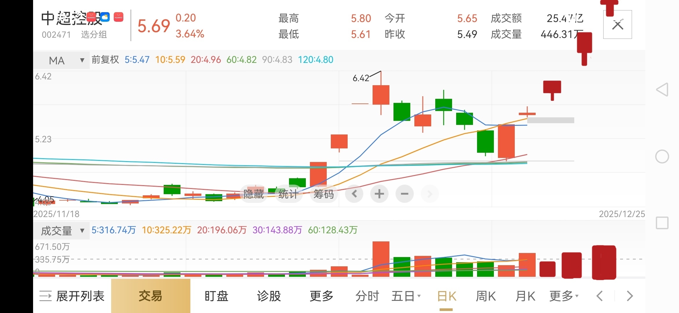 $中超控股(SZ002471)$ 洗盘结束了,应该主升浪开始了………今天筹码对换高位换手,浮筹清洗干净了………大家看我画的怎么样
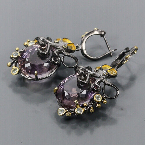 Oferujemy Państwu nowe, pozłacane żółtym złotem i pokryte czarnym rodem, srebrne - próba 925 kolczyki z naturalnymi ametrynami łącznie ponad 75ct, szafirami i topazami. Piękne ośmiornice.
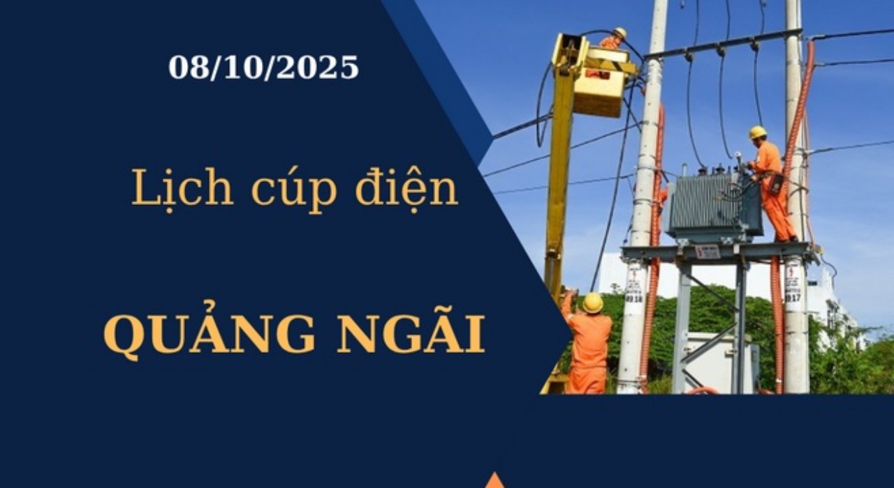 Cập nhật Thông tin mới nhất về lịch cúp điện các khu vực tại Quảng Ngãi ngày 08/10/2025 từ cổng thông tin Điện lực miền Trung.
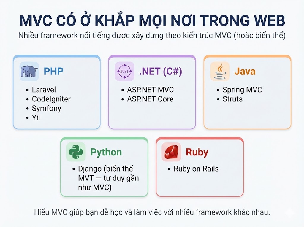 Nếu bạn đang học lập trình web, bạn sẽ thấy MVC trong lập trình web hiện diện ở khắp mọi nơi. Hầu hết các Framework nổi tiếng nhất hiện nay đều được xây dựng dựa trên kiến trúc này:
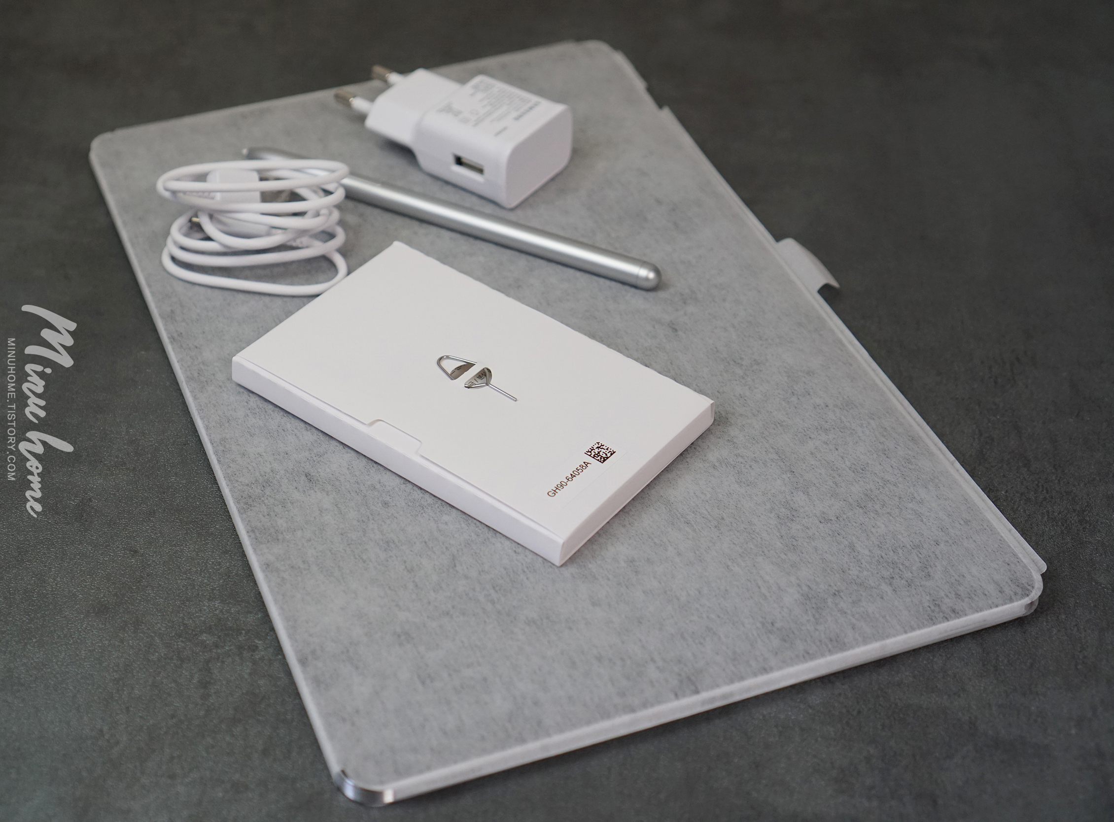 갤럭시 탭S7 플러스의 구성품은 충전기 / 충전케이블 A To C / S펜 / 사용설명서와 유심핀 으로 구성되어 있습니다.
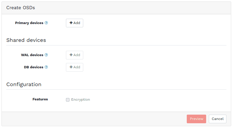 Ceph 仪表盘 - 创建 OSD 对话框
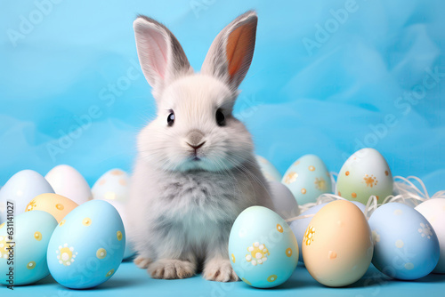 Obraz premium Cute Bunny, Around Painted Easter Eggs On Light Blue Background, Cartoony. Generative AI
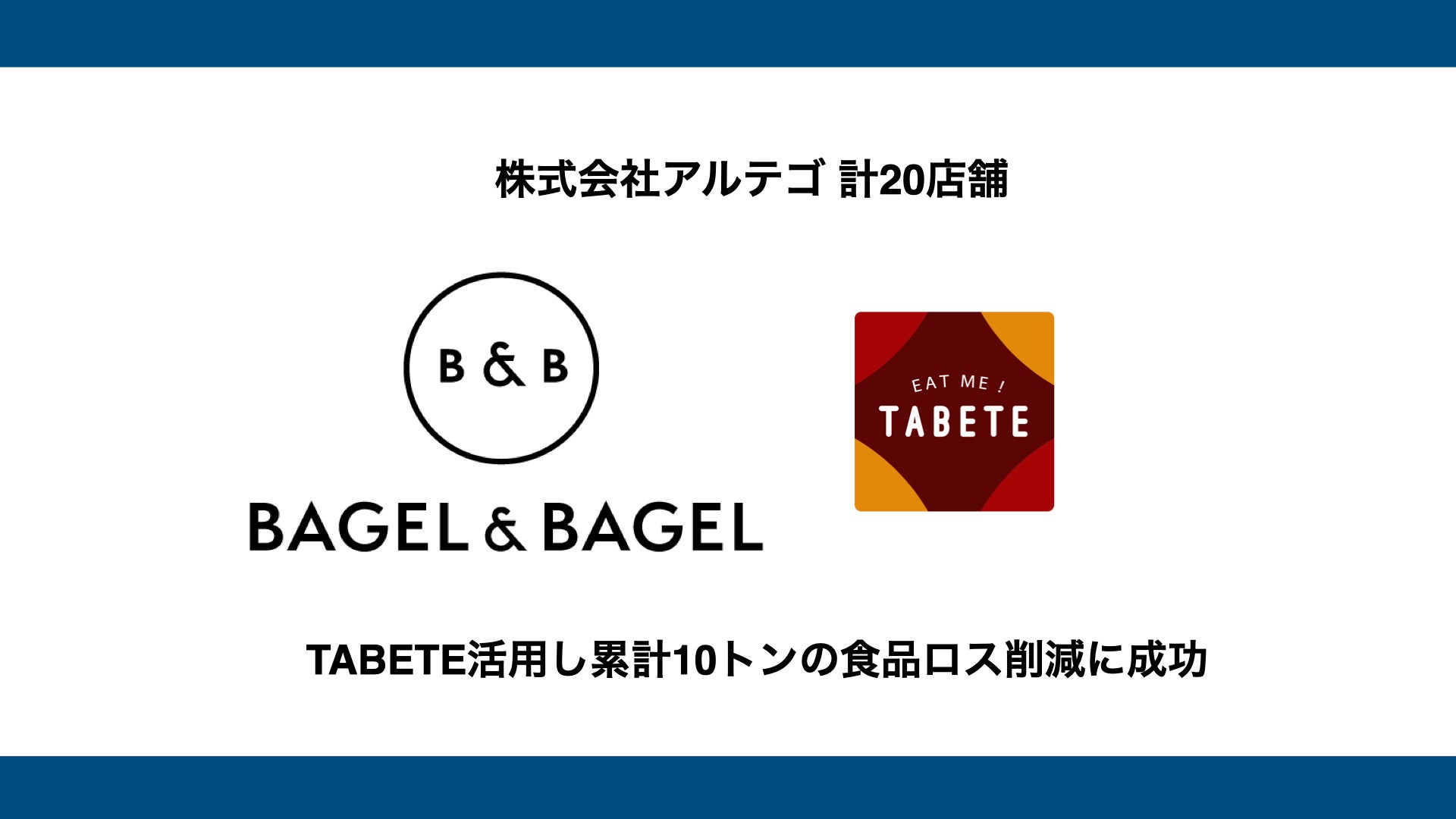 株式会社コークッキング(以下コークッキング)の展開する食品ロス削減のためのフードシェアリングサービス「TABETE(タベテ)」が、株式会社アルテゴが運営する「BAGEL & BAGEL」計20店舗で、約10トンの食品ロス削減に成功しました。
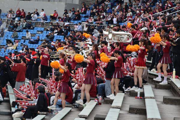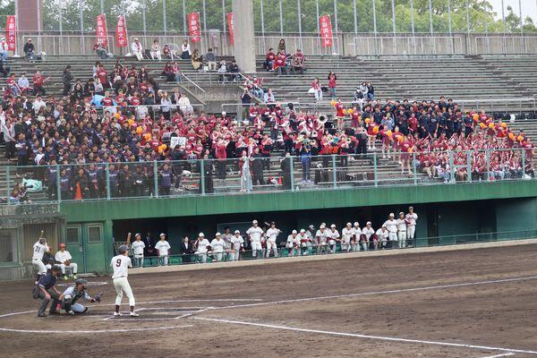 「福西戦」は九州六大学野球の中でも注目されるカードで、そこで繰り広げられる応援合戦には、応援指導部の応援団・チアリーダー・ブラスバンド、和太鼓部(鼓舞猿)と在学生・卒業生・教職員が一体となって選手たちの背中を後押しします。

----

• **Assignment**:
The material above is to be transcribed exactly, with all pictures omitted.

• **Task output**:
 $中超控股(SZ002471)$ 洗盘结束了,应该主升浪开始了………今天筹码对换高位换手,浮筹清洗干净了………大家看我画的怎么样
 Oferujemy Państwu nowe, pozłacane żółtym złotem i pokryte czarnym rodem, srebrne - próba 925 kolczyki z naturalnymi ametrynami łącznie ponad 75ct, szafirami i topazami. Piękne ośmiornice.
 Cập nhật Thông tin mới nhất về lịch cúp điện các khu vực tại Quảng Ngãi ngày 08/10/2025 từ cổng thông tin Điện lực miền Trung.
 Nếu bạn đang học lập trình web, bạn sẽ thấy MVC trong lập trình web hiện diện ở khắp mọi nơi. Hầu hết các Framework nổi tiếng nhất hiện nay đều được xây dựng dựa trên kiến trúc này:
 갤럭시 탭S7 플러스의 구성품은 충전기 / 충전케이블 A To C / S펜 / 사용설명서와 유심핀 으로 구성되어 있습니다.
 Ceph 仪表盘 - 创建 OSD 对话框
 Obraz premium Cute Bunny, Around Painted Easter Eggs On Light Blue Background, Cartoony. Generative AI
 株式会社コークッキング(以下コークッキング)の展開する食品ロス削減のためのフードシェアリングサービス「TABETE(タベテ)」が、株式会社アルテゴが運営する「BAGEL & BAGEL」計20店舗で、約10トンの食品ロス削減に成功しました。
 「福西戦」は九州六大学野球の中でも注目されるカードで、そこで繰り広げられる応援合戦には、応援指導部の応援団・チアリーダー・ブラスバンド、和太鼓部(鼓舞猿)と在学生・卒業生・教職員が一体となって選手たちの背中を後押しします。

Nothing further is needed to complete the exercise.